If you were to evaluate the limit as $s$ goes to infinity of the transfer function:
$$T(s) = {3s^2\left(s^2+36\right) \over s^4 + 2.344s^3 + 1.824s^2 + 0.987}$$
Why is the answer $3$? Is it due to the numerator having an $s$ term with a power of $4$ with $3$ as the coefficient, and the denominator has an $s$ term with power $4$ with a coefficient of $1$? Do you just ignore all the other terms?
EDIT: I am now trying to evaluate the limit as $s$ goes to zero.
It has been suggested to directly substitute $s = 0$ into the Transfer Function.

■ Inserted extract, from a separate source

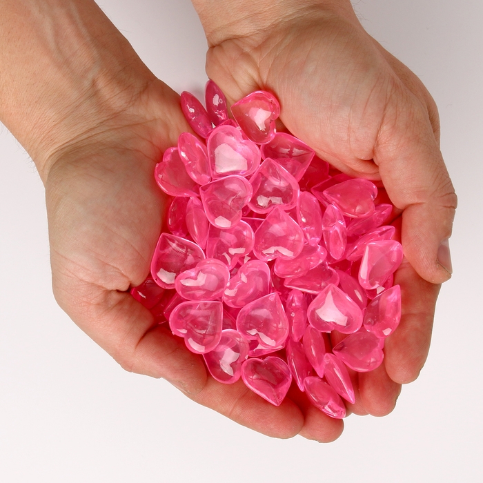 Сердечки пластиковые декоративные, набор 100 шт., размер 1 шт. — 2 × 2 см, цвет розовый
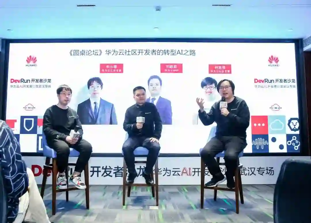 在短暂的茶歇过后,以“华为云社区开发者的转型 AI 之路”为主题的圆桌论坛缓缓拉开序幕。作为为开发者提供友好交流、并提供丰富技术干货的平台,引导开发者与时俱进是华为云开发者社区的初衷。在论坛上华为云 AI 开发者生态专家林旅强老师返场作为论坛主持人,与华为云 MVP 刘毅超及华为云云享专家朱永春展开了访谈。刘毅超从事软件开发,在公司里和团队一起开发各种互联网项目,还在网络上进行 ModelArts 教学;朱永春因武汉樱花视频画得到关注,在大学生活中经常运用到 AI 技术,华为云的发现与邀请则成为朱永春与 ModelArts 结缘的契机。他们一位是拥有十年工业经验的开发者,一位是有志于 AI 开发的大四学生,在华为云的引荐下,两个没有交集的开发者相会在圆桌论坛上,共同交流他们的 ModelArts 应用经历,彼此间都通过华为云 AI 开发者社区这个专业的学习交流平台不断突破自我,为行业献计献策。像他们这样的开发者还有很多,皆在社区中发挥着各自的优势,成为搭建人工智能生态的重要一环。

$$T(s) = {3(0)^2\left((0)^2+36\right) \over (0)^4 + 2.344(0)^3 + 1.824(0)^2 + 0.987}$$
However the answer is $$=3(s)^2 {36\over 0.987}$$
Why is there still an s term in the answer after the substitution.
EDIT 2:
Please refer to original question (1.9)(Ignore the second T(s) shown – the one with $s^5$, it is for another question) and solution provided. The solution provided may be wrong.
Best Answer
Since the rational function has a denominator and numerator of same degrees, the limit as $s \to \infty$ is the quotient of the numerator's leading coefficient and the denominator's leading coefficient. This is because as you increase towards $\infty$, terms other than leading one become negligible to the final result.
And thusly, if the degree of the numerator is larger, the limit approaches $\infty$. If the degree of the denominator is larger then the limit approaches $0$.